Birth weight and risk of asthma in 3–9-year-old twins: exploring the fetal origins hypothesis

  1. Hans Bisgaard5
  1. 1Department of Respiratory Medicine, Bispebjerg Hospital, Copenhagen, Denmark
  2. 2Danish Epidemiology Science Centre, Statens Serum Institut, Copenhagen, Denmark
  3. 3The Danish Twin Registry, University of Southern Denmark, Odense, Denmark
  4. 4Institute of Regional Health Services Research, University of Southern Denmark, Odense, Denmark
  5. 5Danish Pediatric Asthma Center, University Hospital of Copenhagen, Gentofte, Denmark
  1. Correspondence to Dr Simon Francis Thomsen, Department of Respiratory Medicine, Bispebjerg Hospital, DK-2400 Copenhagen NV, Denmark; sft{at}city.dk
  • Received 27 March 2009
  • Accepted 7 November 2009
  • Published Online First 8 December 2009

Abstract

Aim To examine the relationship between birth weight and risk of asthma in a population of twins.

Methods Birth weight of all live twins (8280 pairs) born in Denmark between 1994 and 2000 was linked to information on asthma obtained from parent-completed questionnaires at age 3–9 years. Conditional logistic regression was used to calculate the risk of asthma.

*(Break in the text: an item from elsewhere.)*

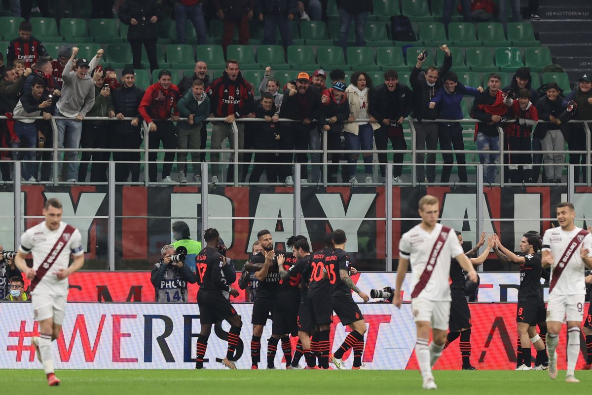 MILANO (ITALPRESS) – Il Milan supera a San Siro il Torino per 1-0 al termine di una sfida molto combattuta e poco spettacolare, decisa di fatto alla prima occasione utile creata dalla capolista. Sono infatti i rossoneri a passare già al 14′ quando Tonali calcia un corner dalla destra sul quale arriva Krunic che spizza di testa sul secondo palo trovando liberissimo Giroud che mette dentro da due passi per il gol partita. Alla seconda e unica altra opportunità degna di nota della prima frazione, i padroni di casa sfiorano il raddoppio. A pochi istanti dall’intervallo è Krunic a impensierire Milinkovic-Savic con un colpo di testa dopo una punizione battuta da Tonali, con la sfera che esce di poco alla sinistra del portiere. Nella ripresa, sono i granata a partire meglio e a bussare per primi quando al 3′ Pobega incorna dopo un angolo di Rodriguez ma manda alto dopo essersi smarcato bene da Kessiè. All’8′ Linetty si inserisce bene tra le linee e serve Belotti che da buona posizione sbuccia però il pallone che finisce docile tra le braccia di Tatarusanu. Il portiere romeno salva i suoi al 31′ su Sanabria. Al 40′ Praet entra in area e prova a concludere ma il suo tentativo scheggia la parte alta della traversa dopo la deviazione di Tomori. All’ultimo secondo, Tatarusanu smanaccia in corner una palla sporca che si stava indirizzando pericolosamente verso la porta dopo una mischia furibonda. Nonostante un secondo tempo in sofferenza, il diavolo può esultare per un successo grazie al quale rimane in vetta da solo in attesa del match del Napoli.

Results Subjects with a history of asthma at age 3–9 years weighed on average 122 g (95% CI 85 to 160) less at birth than subjects who had not developed asthma, p<0.001. There was a linear increase in asthma risk with decreasing birth weight, OR (per 100 g) 1.04 (95% CI 1.03 to 1.05), p<0.001. Within twin pairs, the lower birthweight twin had a significantly increased risk of asthma compared with the heavier co-twin (11.3% vs 9.9%), OR 1.30 (95% CI 1.10 to 1.54), p=0.002. The result remained significant after adjusting for sex, birth length and Apgar score, OR 1.31 (95% CI 1.03 to 1.65), p=0.027. The risk tended to be higher in monozygotic co-twins compared with dizygotic co-twins, especially for high birth weight differences.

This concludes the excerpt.